Shirin Neshat revisite Aïda à l’Opéra de Paris avec une mise en scène puissante et actuelle. L’artiste iranienne-américaine y dénonce la guerre, l’oppression et le fanatisme religieux à travers une relecture contemporaine de l’œuvre de Verdi.
Avec l'opéra Aïda, qu'elle met en scène à l'Opéra de Paris, la plasticienne irano-américaine Shirin Neshat veut que le public ressente «comme un couteau dans le ventre». Pour cela, elle montre la brutalité de la guerre, le fanatisme religieux, l'oppression des plus faibles, dans un spectacle qui «résonne avec l'actualité».
L'artiste de 68 ans, qui vit en exil aux États-Unis et dont le travail a d'abord porté sur la photographie, puis la vidéo et le cinéma, se frotte pour la première fois à l'art lyrique avec cette œuvre de Giuseppe Verdi, donnée à partir de mercredi à l'Opéra Bastille.
La soprano espagnole Saioa Hernández (Aïda), le ténor polonais Piotr Beczała (Radamès) et la mezzo-soprano suisse Eve-Maud Hubeaux (Amneris) en assurent la première distribution, sous la direction musicale de l'Italien Michele Mariotti.
Dans cet opéra créé en 1871 qui raconte les amours compromis d'Aïda, princesse éthiopienne captive, et du général égyptien Radamès, les airs intimes alternent avec des scènes épiques célébrant la toute-puissance des Égyptiens sur leurs voisins.
«Dans cette version, nous donnons aux “esclaves” (Éthiopiens) une place centrale», en insistant sur leur «souffrance» et sur «la brutalité de la guerre», raconte à l'AFP Shirin Neshat.
«C'est ce qui me semble le plus pertinent, à l'époque dans laquelle nous vivons, quand on pense à ce qui se passe à Gaza, ou quand on pense aux personnes sans défense et impuissantes» dans le monde, ajoute l'artiste aux yeux cernés de khôl.
Son travail, qui joue sur une esthétique visuelle forte et met l'accent sur les contrastes (noir/blanc, formes, etc.), a été multirécompensé: Lion d'or de la Biennale de Venise en 1999, Lion d'argent du meilleur réalisateur à la Mostra de Venise en 2009 ou encore prix Praemium Imperiale de Tokyo en 2017.
Il a jusqu'ici beaucoup porté sur son pays de naissance, mêlant les thèmes de «l'hypocrisie du pouvoir, du fanatisme, de la religion, des femmes et de leur résilience», résume-t-elle.
Période très sombre
Loin d'utiliser décors et costumes pharaoniques, son Aïda est transposée dans un monde où les soldats sont habillés de tenues militaires modernes, tandis que les personnages des prêtres, interprétés par une partie du chœur, aux longues barbes grises et turbans noirs, font penser à de lugubres mollahs.
La scène se passe à l'intérieur et autour d'un immense cube blanc, sur lequel sont projetées plusieurs vidéos stylisées, donnant à voir l'histoire des Éthiopiens.

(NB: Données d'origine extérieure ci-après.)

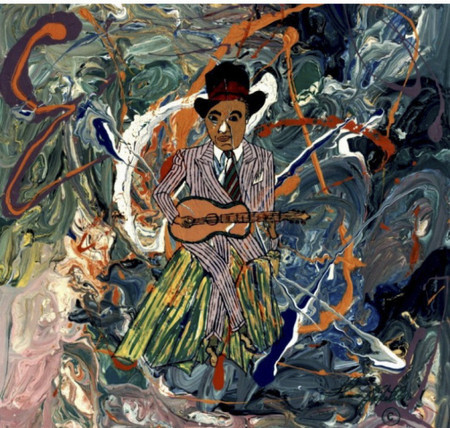 "The Jazzman of Bebop Blues" reveals saxophonist Cannonball Adderley, portly and serene, simply sitting and performing. But "Jazz on Tenth Avenue" features a frenzied amalgam of colors and a jutting one-way city sign, signaling the energy of street musicians. "Foundation of the Blues" captures Delta blues pioneer Robert Johnson in a dapper suit, guitar in hand, the central focus against a curling mass of rainbow hues for a look evocative of a legendary painter.
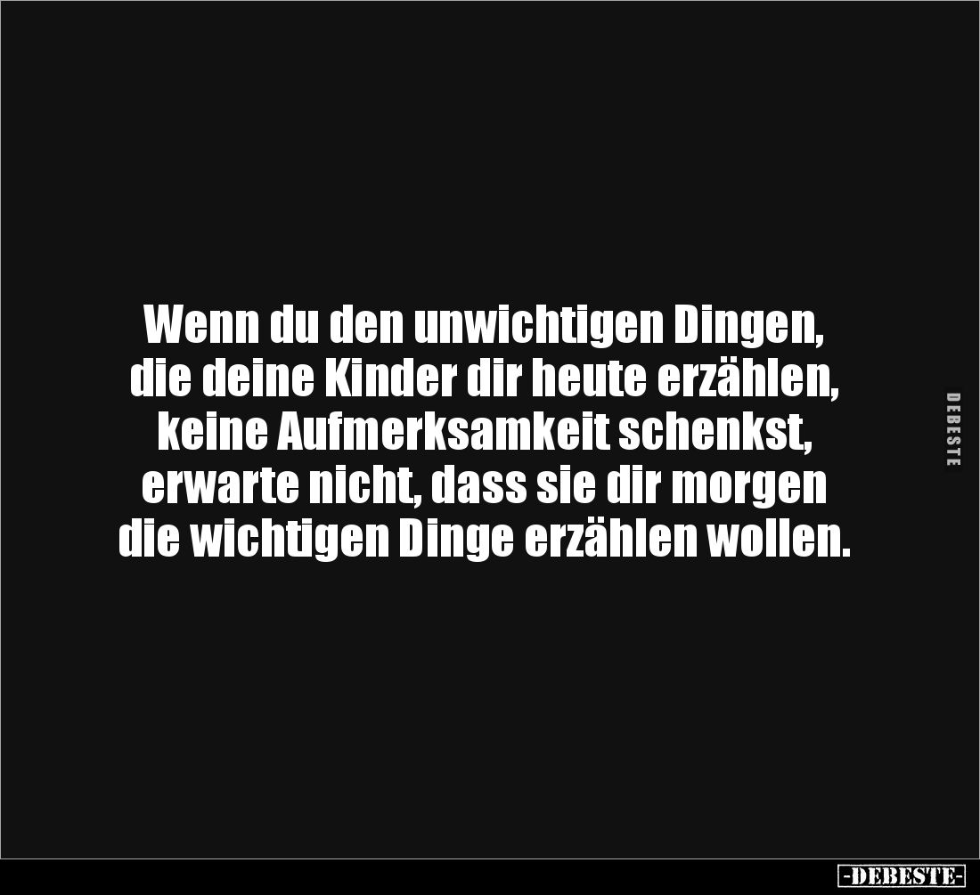 Wenn du den unwichtigen Dingen, die deine Kinder dir heute erzählen, keine Aufmerksamkeit schenkst, erwarte nicht, dass sie dir morgen die wichtigen Dinge erzählen wollen.

On retient notamment celle montrant, dans un décor désertique, les violences de la guerre.
«Nous filmions des scènes de guerre et mon propre pays a été attaqué le même jour, quel drôle de télescopage!», témoigne-t-elle, revivant le «cauchemar» alors ressenti pour ses proches vivant toujours là-bas.
Une impression de «fin du monde» qui pousse l'artiste à exprimer «de manière urgente» «ce qui se passe» dans le monde, en particulier «ce qui ne va pas», explique-t-elle.